运行一个简单的 Python 脚本，测试是否可以正常运行 Lunar Lander-v2 环境：

```bash
python tmp.py
```

## 运行

分为训练和测试两种，训练在根目录下使用`python main.py`，测试在根目录下使用`python test.py`，参数使用`--help`查看。

具体参数可以在config文件夹中选择。

## 文件夹与文件解释

```
├── 📂 baseline/            # 决策网络模型
├── 📂 config/              # 运行时的参数配置文件（可修改）
├── 📂 main/                # 策略网络训练
├── 📂 models/              # 训练过程产物
├── 📂 _training_products/	# 训练过程产物
├── 📂 saved_models/        # 精选模型参数
├── 📂 strategy/            # 根据决策网络使用不同策略（拓展性在于一个策略可以使用一个以上的决策网络，但是本次项目不涉及）
├── 📂 test/                # 策略测试
├── 📜 logger_creator.py    # 日志生成器
├── 📜 main.py              # 主训练程序
├── 📜 test.py              # 主测试程序
└── 📜 utils.py             # 工具函数
```

## 小游戏介绍

参考：[官方文档](https://www.gymlibrary.dev/environments/box2d/lunar_lander/)、[一个版本不太对的中文解释](https://zhuanlan.zhihu.com/p/589119622)

在 LunarLander 环境中，动作是离散的，动作空间为 {0, 1, 2, 3}。
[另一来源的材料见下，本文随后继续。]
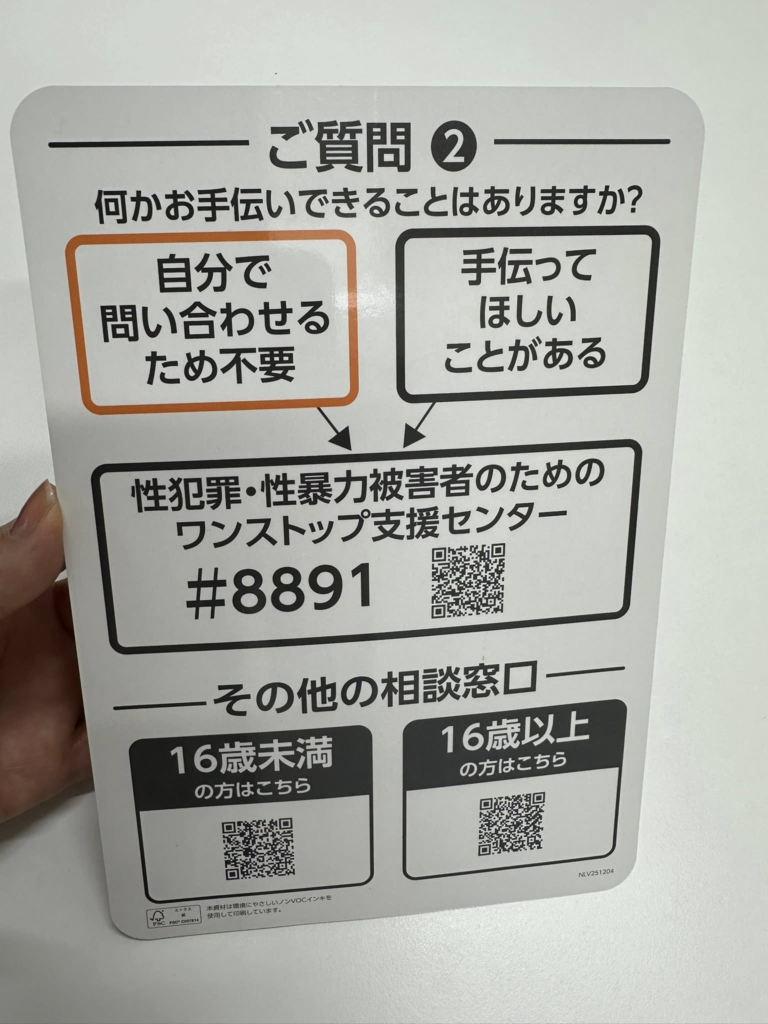 声を出さずにカードを指さすだけで意思表示ができる仕組みで、性犯罪・性暴力被害者のためのワンストップ支援センター(#8891)の案内や年齢別相談窓口のQRコードも掲載。

0 表示什么也不做，1 表示启动左边引擎，2 表示启动主引擎，3 表示启动右边引擎。状态空间是一个向量，其中包含 8 个元素。

```bash
s[0] is the horizontal coordinate
s[1] is the vertical coordinate
s[2] is the horizontal speed
s[3] is the vertical speed
s[4] is the angle
s[5] is the angular speed
s[6] 1 if first leg has contact, else 0
s[7] 1 if second leg has contact, else 0
```

```py
x, y, v_x, v_y, theta, omega, is_left_contact, is_right_contact = env.args
```

## 新增策略

在`strategy/discrete`目录下新增离散环境下的策略，如有模型，在`baseline/<yout model name>`目录下新增模型

在`main`和`test`页面中分别对应策略的训练和测试。